**Work order**
Nothing but the pictures should go missing; return all the entries below exactly.

**Records shown**

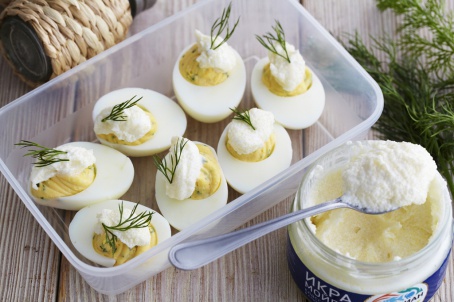 - Выложить приготовленную смесь в яичные белки, сверху распределить икру мойвы. Сложить яйца в контейнер, накрыть пищевой пленкой и крышкой.
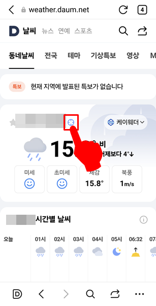 3. 주소 옆 아이콘을 클릭하면 현재 위치 날씨로 변경이 됩니다.
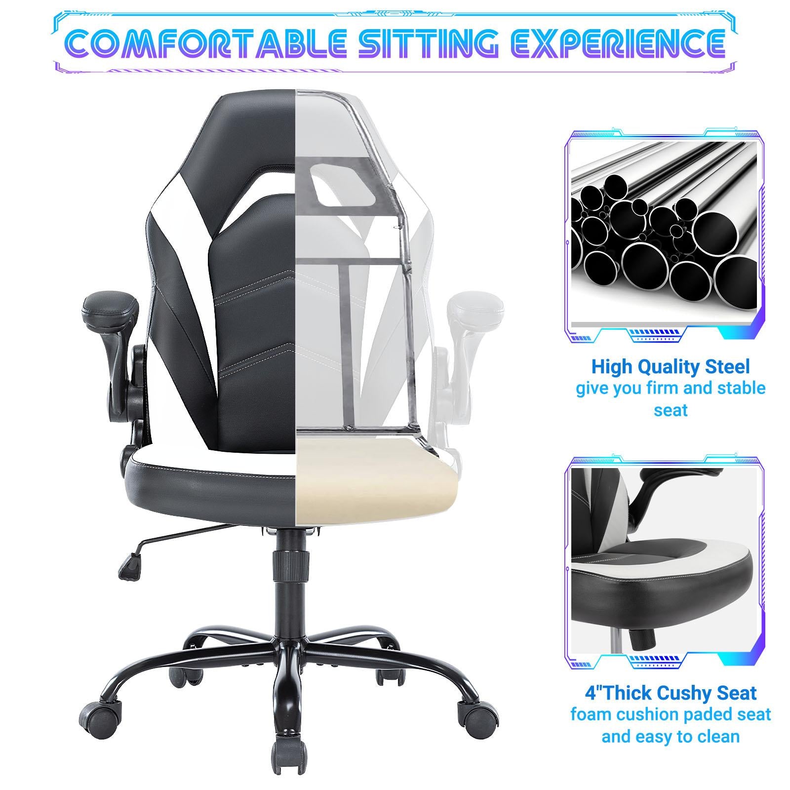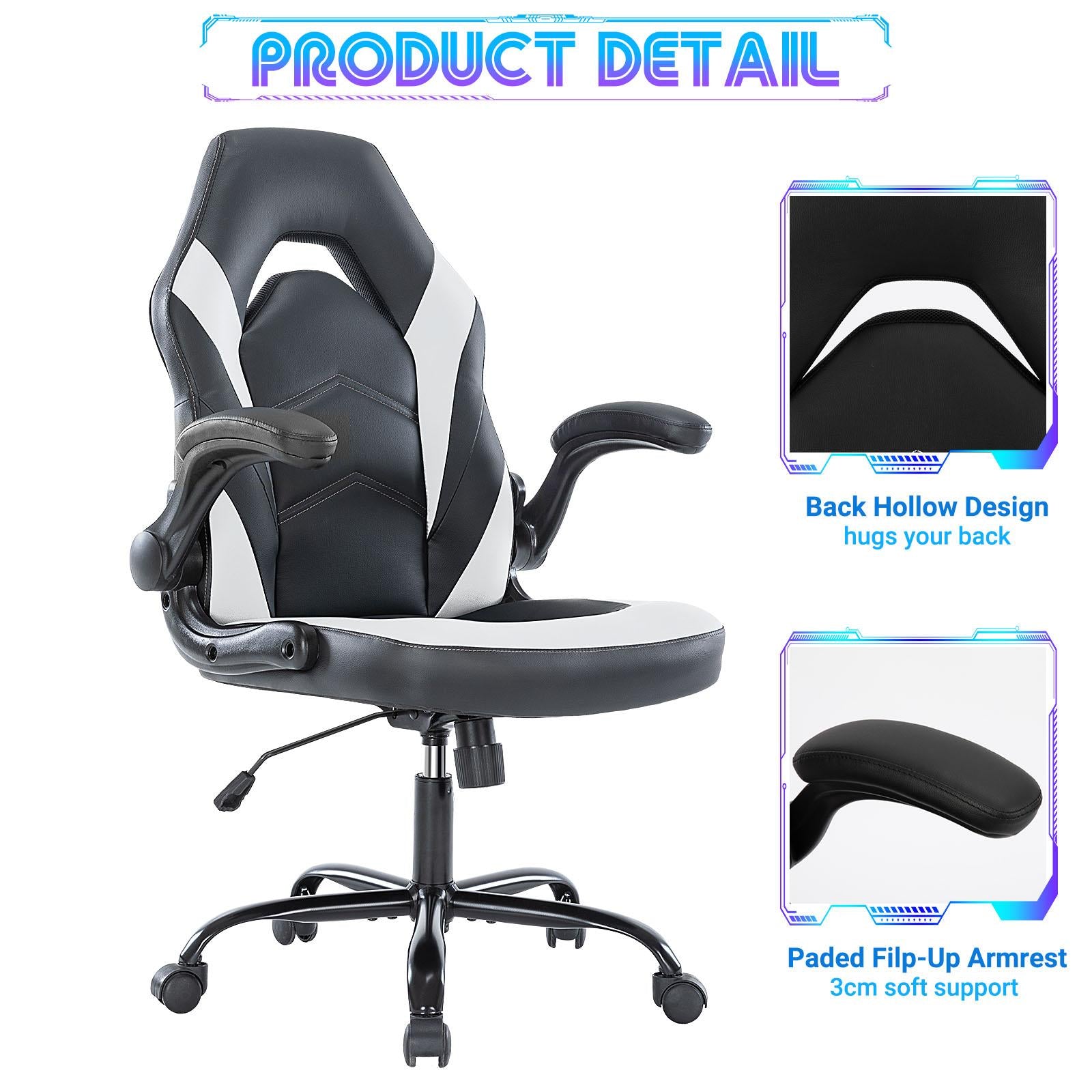 【Comfortable & Ergonomic Design】The gaming chair covered with premium PU leather is wear-resistant and easy to clean. Ergonomic lumbar support with a unique hollow design is breathable and comfortable for working or playing games for a long time. 【Thicker Cushion & Flip-up Armrests】The seat cushion of the computer chair filled with high-density shaping foam is thicker for different people. 90° flip-up armrests can be placed horizontally to support the arm. When the armrests are flipped up, the office chair can be easily pushed under the table. 【Rocking Function & 360° Swivel】The desk chair swings from 90° to 120° and brings you great comfort. The high-back computer chair has 360° smooth rolling wheels, that provide freedom of movement and convenience when rolling it in any direction. 【Any Occasion】The stylish desk chair is an ideal choice for gaming, working, studying, drawing, relaxing, and watching TV. Load capacity: 275 pounds. 【Easy Assembly】Our office gaming chair is equipped with all the hardware and necessary tools and it can be assembled in just 20 minutes. The stylish look of this computer gaming chair will add a touch of glamour to the interior of any room.
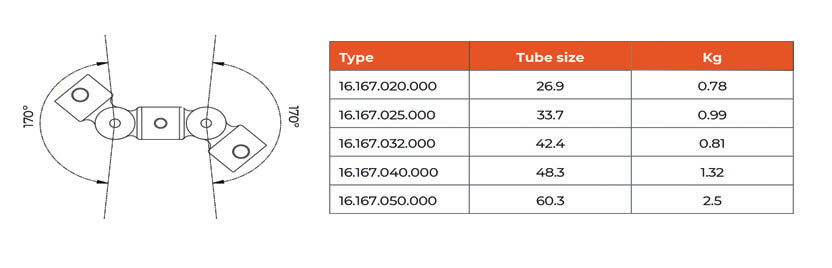 Double Swivel Combinations are versatile fittings applicable to a range of installations, such as railings, roof edge protection, etc. Swivels can deviate up to roughly 85 degrees each in both directions from horizontal position. Our combinations consist of 3 parts – 1 x double male swivel fitting and 2 x female swivel fittings, all easily assembled via the included grub screws. If needed, items can also be supplied separately.
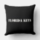 A charming pillow featuring the name of Florida Keys and some of its popular locations in black text of varying fonts and sizes on a light aqua blue background. The back is solid black with the words "Florida Keys" in white. Just flip the pillow to quickly change out the look of your room.

**Your solution**
 - Выложить приготовленную смесь в яичные белки, сверху распределить икру мойвы. Сложить яйца в контейнер, накрыть пищевой пленкой и крышкой.
 3. 주소 옆 아이콘을 클릭하면 현재 위치 날씨로 변경이 됩니다.
 【Comfortable & Ergonomic Design】The gaming chair covered with premium PU leather is wear-resistant and easy to clean. Ergonomic lumbar support with a unique hollow design is breathable and comfortable for working or playing games for a long time. 【Thicker Cushion & Flip-up Armrests】The seat cushion of the computer chair filled with high-density shaping foam is thicker for different people. 90° flip-up armrests can be placed horizontally to support the arm. When the armrests are flipped up, the office chair can be easily pushed under the table. 【Rocking Function & 360° Swivel】The desk chair swings from 90° to 120° and brings you great comfort. The high-back computer chair has 360° smooth rolling wheels, that provide freedom of movement and convenience when rolling it in any direction. 【Any Occasion】The stylish desk chair is an ideal choice for gaming, working, studying, drawing, relaxing, and watching TV. Load capacity: 275 pounds. 【Easy Assembly】Our office gaming chair is equipped with all the hardware and necessary tools and it can be assembled in just 20 minutes. The stylish look of this computer gaming chair will add a touch of glamour to the interior of any room.
 Double Swivel Combinations are versatile fittings applicable to a range of installations, such as railings, roof edge protection, etc. Swivels can deviate up to roughly 85 degrees each in both directions from horizontal position. Our combinations consist of 3 parts – 1 x double male swivel fitting and 2 x female swivel fittings, all easily assembled via the included grub screws. If needed, items can also be supplied separately.
 A charming pillow featuring the name of Florida Keys and some of its popular locations in black text of varying fonts and sizes on a light aqua blue background. The back is solid black with the words "Florida Keys" in white. Just flip the pillow to quickly change out the look of your room.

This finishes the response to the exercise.